A bus error usually means an mmaped file got truncated so that the
mapping now extends beyond the end of the file.  Emacs uses mmap to map
the pdmp file.

Andreas.

-- 
Andreas Schwab, schwab@linux-m68k.org
GPG Key fingerprint = 7578 EB47 D4E5 4D69 2510  2552 DF73 E780 A9DA AEC1
"And now for something completely different."

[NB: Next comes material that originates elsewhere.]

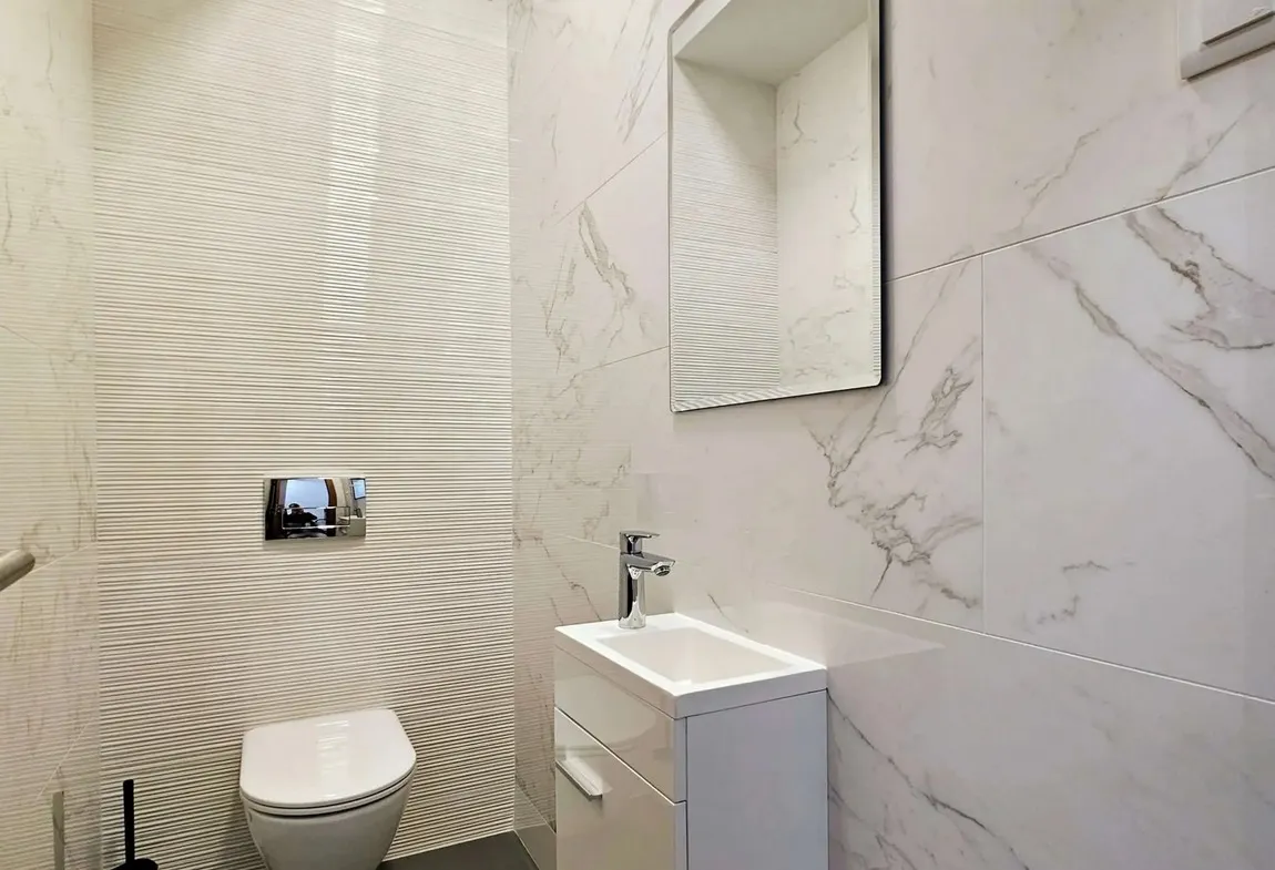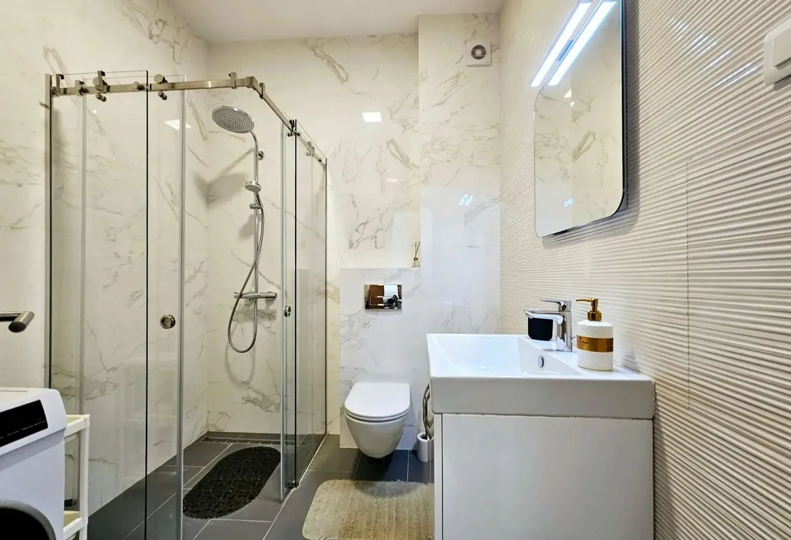 The apartment is located on the third floor with elevator access and has a total area of 73m². It features a bright living room, a fully furnished kitchen, two bedrooms, and two modern bathrooms. The highlight of the property is the terrace, which offers a stunning and uninterrupted view of the Adriatic Sea.

^ permalink raw reply	[flat|nested] 31+ messages in thread

* bug#42832: 28.0.50; "Bus error" when compiling Emacs now on Debian bullseye
  2020-08-12 18:58       ` Lars Ingebrigtsen
@ 2020-08-12 19:28         ` Lars Ingebrigtsen
  2020-08-12 19:33           ` Lars Ingebrigtsen
  0 siblings, 1 reply; 31+ messages in thread
From: Lars Ingebrigtsen @ 2020-08-12 19:28 UTC (permalink / raw)
  To: Eli Zaretskii; +Cc: 42832, Paul Eggert

I did some bisecting here, and if I 

git checkout 0d0aad213f941efc0fa0ec032e37dc9c2b08c9fb

(i.e., go back to the version of Emacs just before the recent pdumper
hash table stuff), then Emacs builds without this bus error.

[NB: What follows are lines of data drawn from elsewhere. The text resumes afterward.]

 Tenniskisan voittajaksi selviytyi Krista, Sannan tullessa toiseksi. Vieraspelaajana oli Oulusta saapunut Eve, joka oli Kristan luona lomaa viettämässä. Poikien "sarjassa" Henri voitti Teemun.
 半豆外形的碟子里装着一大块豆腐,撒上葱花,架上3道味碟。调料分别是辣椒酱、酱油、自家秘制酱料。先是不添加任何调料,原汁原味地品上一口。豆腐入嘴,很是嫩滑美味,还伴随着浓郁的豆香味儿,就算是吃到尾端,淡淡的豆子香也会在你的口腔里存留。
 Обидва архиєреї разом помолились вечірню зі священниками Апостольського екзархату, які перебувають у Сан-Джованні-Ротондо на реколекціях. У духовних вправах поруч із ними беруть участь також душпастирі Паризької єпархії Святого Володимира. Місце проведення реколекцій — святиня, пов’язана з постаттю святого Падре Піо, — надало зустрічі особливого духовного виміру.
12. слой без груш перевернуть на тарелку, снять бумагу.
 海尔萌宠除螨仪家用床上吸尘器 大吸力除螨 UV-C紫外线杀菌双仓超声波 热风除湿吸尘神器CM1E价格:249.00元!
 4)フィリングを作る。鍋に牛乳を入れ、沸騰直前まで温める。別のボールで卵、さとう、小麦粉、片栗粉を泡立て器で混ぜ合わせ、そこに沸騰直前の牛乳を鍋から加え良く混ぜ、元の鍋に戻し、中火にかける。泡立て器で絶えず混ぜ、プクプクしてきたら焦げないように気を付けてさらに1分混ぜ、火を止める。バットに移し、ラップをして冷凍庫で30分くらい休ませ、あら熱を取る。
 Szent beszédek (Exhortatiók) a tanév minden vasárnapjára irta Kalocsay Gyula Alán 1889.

So I've added Paul to the Cc's.  :-)

-- 
(domestic pets only, the antidote for overdose, milk.)
   bloggy blog: http://lars.ingebrigtsen.no






^ permalink raw reply	[flat|nested] 31+ messages in thread

* bug#42832: 28.0.50; "Bus error" when compiling Emacs now on Debian bullseye
  2020-08-12 19:28         ` Lars Ingebrigtsen
@ 2020-08-12 19:33           ` Lars Ingebrigtsen
  2020-08-12 20:40             ` Paul Eggert
  0 siblings, 1 reply; 31+ messages in thread
From: Lars Ingebrigtsen @ 2020-08-12 19:33 UTC (permalink / raw)
  To: Eli Zaretskii; +Cc: 42832, Paul Eggert

Lars Ingebrigtsen <larsi@gnus.org> writes:

> I did some bisecting here, and if I 
>
> git checkout 0d0aad213f941efc0fa0ec032e37dc9c2b08c9fb
>
> (i.e., go back to the version of Emacs just before the recent pdumper
> hash table stuff), then Emacs builds without this bus error.

Yup, that checkout works, but 16a16645f524c62f7906036b0e383e4247b58de7
has the bus error.

Which is:

commit 16a16645f524c62f7906036b0e383e4247b58de7
Author:     Pip Cet <pipcet@gmail.com>
AuthorDate: Tue Aug 11 02:16:53 2020 -0700
Commit:     Paul Eggert <eggert@cs.ucla.edu>
CommitDate: Tue Aug 11 02:27:43 2020 -0700

    Rehash hash tables eagerly after loading a dump
    
-- 
(domestic pets only, the antidote for overdose, milk.)
   bloggy blog: http://lars.ingebrigtsen.no





^ permalink raw reply	[flat|nested] 31+ messages in thread

* bug#42832: 28.0.50; "Bus error" when compiling Emacs now on Debian bullseye
  2020-08-12 19:33           ` Lars Ingebrigtsen
@ 2020-08-12 20:40             ` Paul Eggert
  2020-08-12 20:47               ` Lars Ingebrigtsen
  0 siblings, 1 reply; 31+ messages in thread
From: Paul Eggert @ 2020-08-12 20:40 UTC (permalink / raw)
  To: Lars Ingebrigtsen; +Cc: 42832

[-- Attachment #1: Type: text/plain, Size: 651 bytes --]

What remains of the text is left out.